## Excerpted records
+ + +

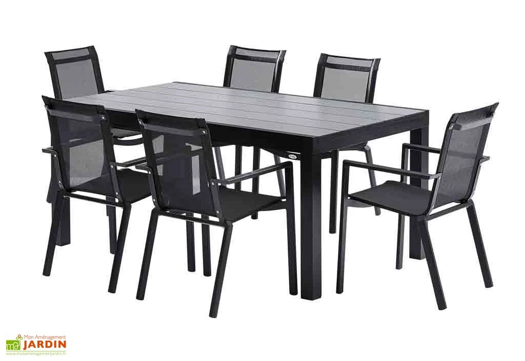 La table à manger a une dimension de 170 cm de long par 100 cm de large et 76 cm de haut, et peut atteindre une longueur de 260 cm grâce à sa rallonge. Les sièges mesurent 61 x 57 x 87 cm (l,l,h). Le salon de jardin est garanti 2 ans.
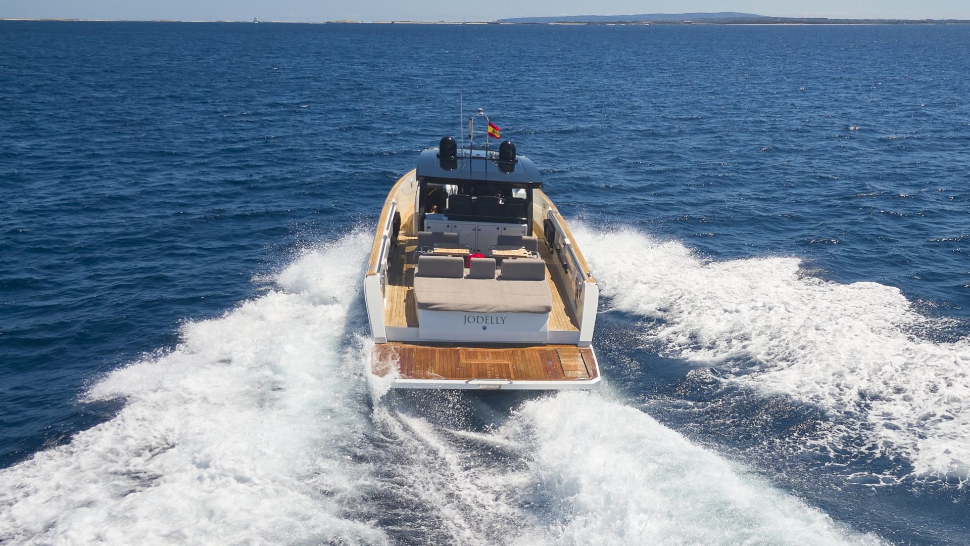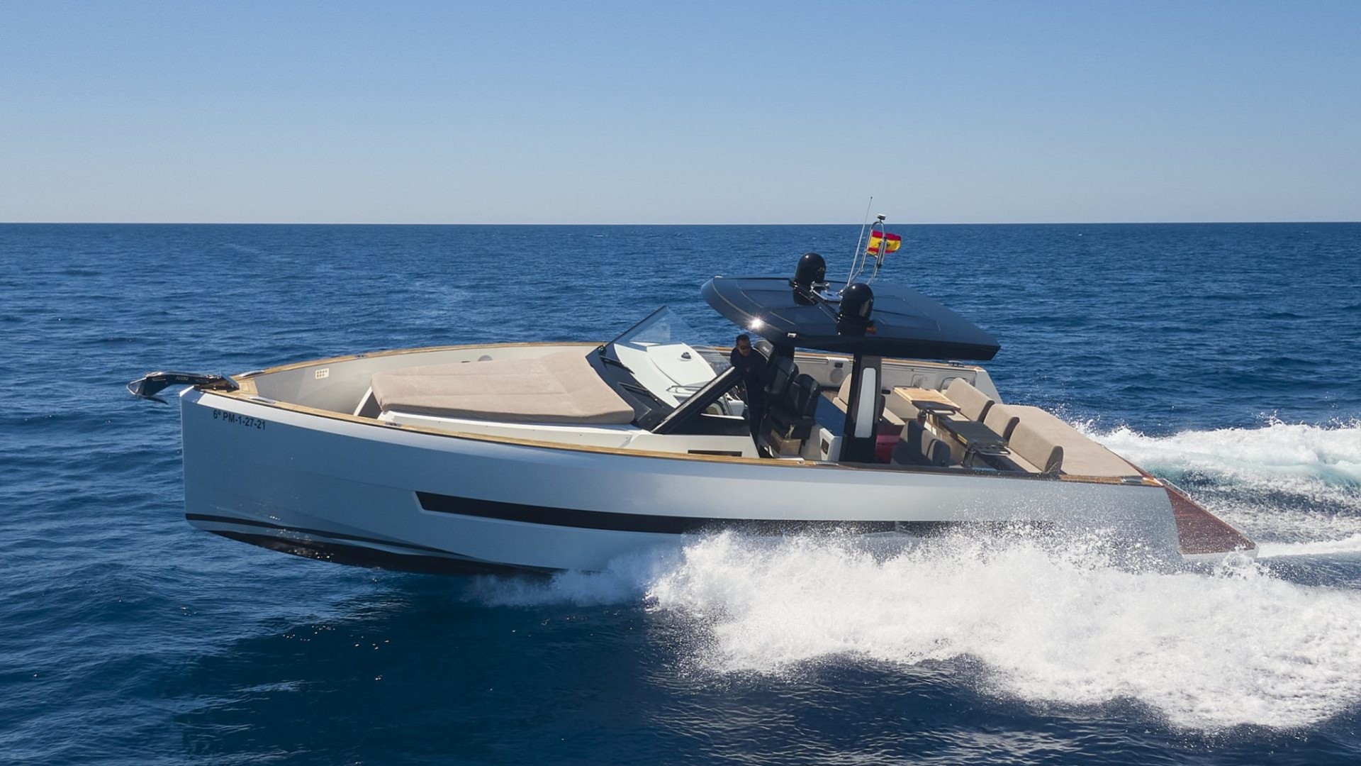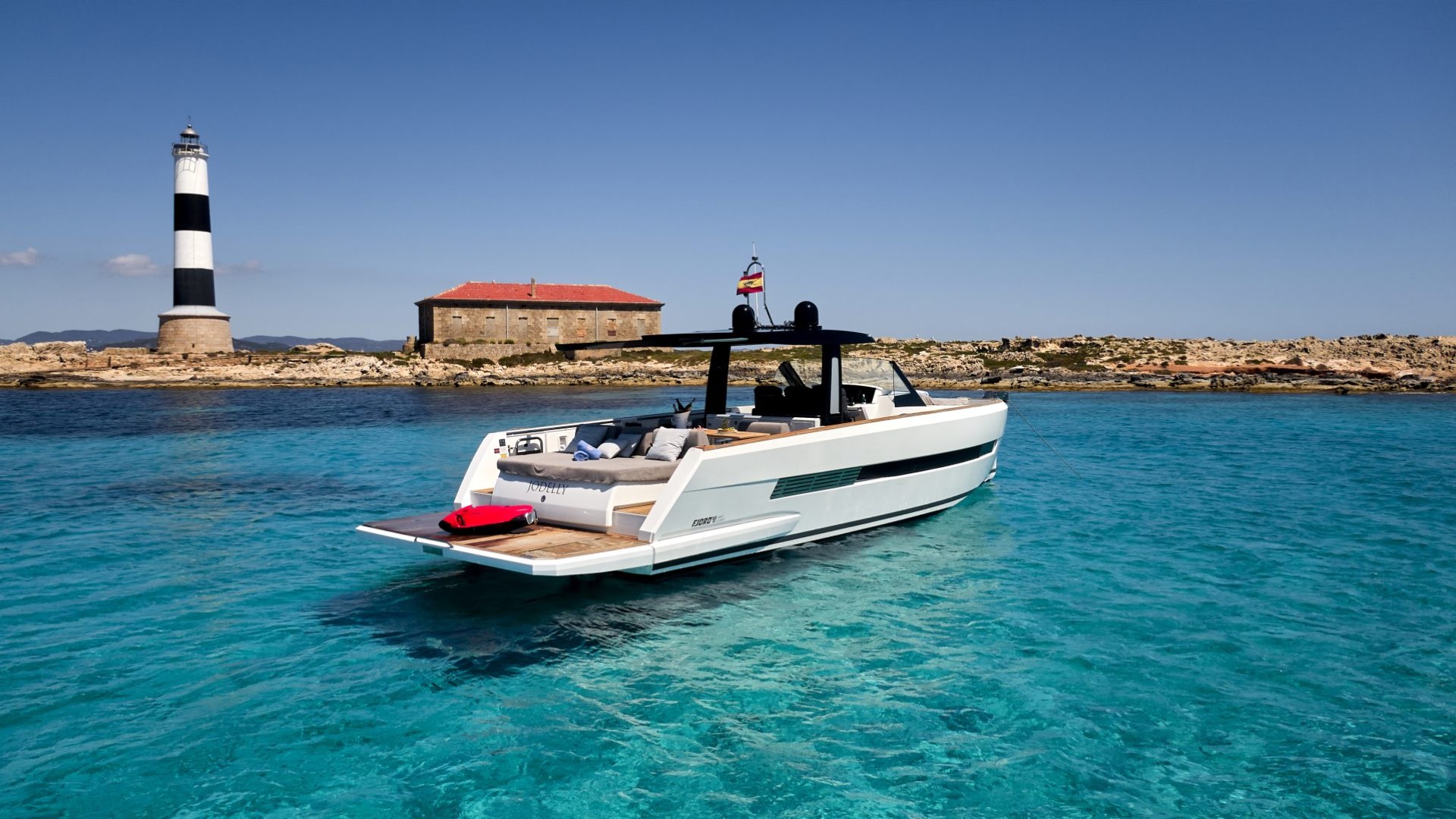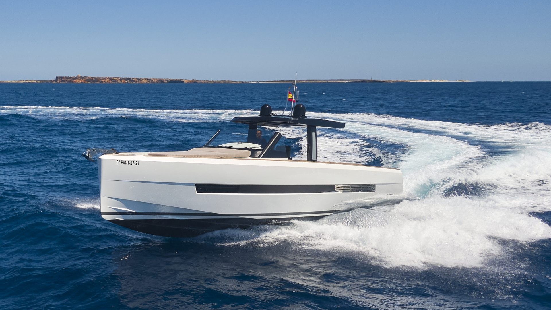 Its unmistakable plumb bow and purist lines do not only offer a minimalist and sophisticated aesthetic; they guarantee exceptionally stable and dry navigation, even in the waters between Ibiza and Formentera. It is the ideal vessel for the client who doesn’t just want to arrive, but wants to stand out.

+ + +

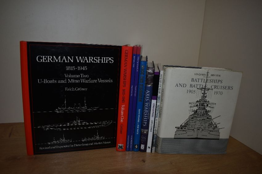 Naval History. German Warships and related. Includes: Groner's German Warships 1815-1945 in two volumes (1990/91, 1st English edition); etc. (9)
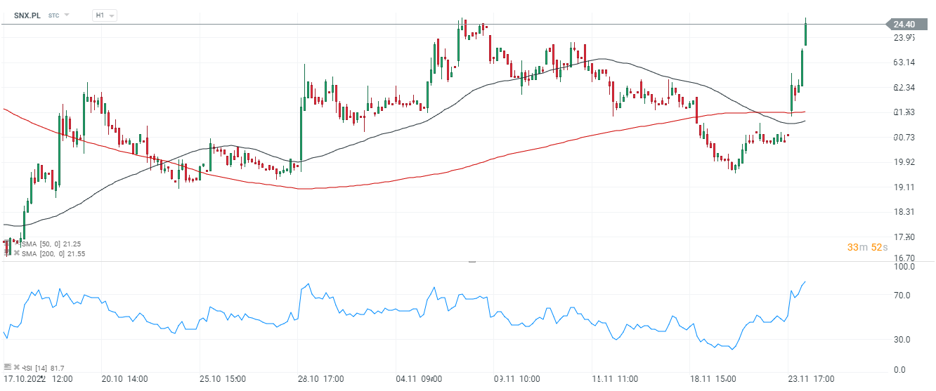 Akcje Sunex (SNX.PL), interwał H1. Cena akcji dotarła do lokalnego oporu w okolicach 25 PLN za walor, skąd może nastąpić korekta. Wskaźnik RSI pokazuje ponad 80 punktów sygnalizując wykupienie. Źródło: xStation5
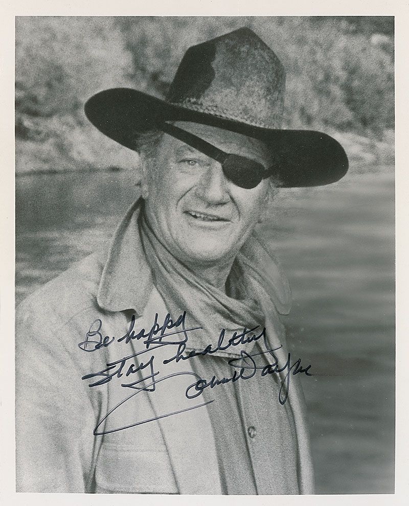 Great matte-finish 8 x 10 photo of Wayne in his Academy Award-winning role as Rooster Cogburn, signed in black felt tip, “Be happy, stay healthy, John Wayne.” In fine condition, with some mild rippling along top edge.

+ + +

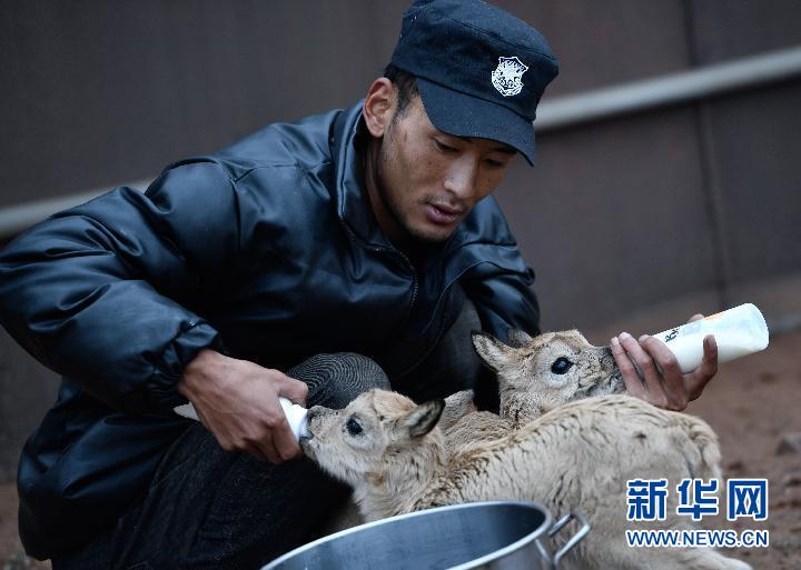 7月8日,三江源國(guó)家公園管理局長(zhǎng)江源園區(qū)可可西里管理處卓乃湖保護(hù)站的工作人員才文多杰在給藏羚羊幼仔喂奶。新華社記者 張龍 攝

+ + +

## To do
Reproduce the entries exactly, from the line with "Naval History. German" to the line with "Great matte-finish 8", both lines included, keeping no pictures.

## Exercise answer
 Naval History. German Warships and related. Includes: Groner's German Warships 1815-1945 in two volumes (1990/91, 1st English edition); etc. (9)
 Akcje Sunex (SNX.PL), interwał H1. Cena akcji dotarła do lokalnego oporu w okolicach 25 PLN za walor, skąd może nastąpić korekta. Wskaźnik RSI pokazuje ponad 80 punktów sygnalizując wykupienie. Źródło: xStation5
 Great matte-finish 8 x 10 photo of Wayne in his Academy Award-winning role as Rooster Cogburn, signed in black felt tip, “Be happy, stay healthy, John Wayne.” In fine condition, with some mild rippling along top edge.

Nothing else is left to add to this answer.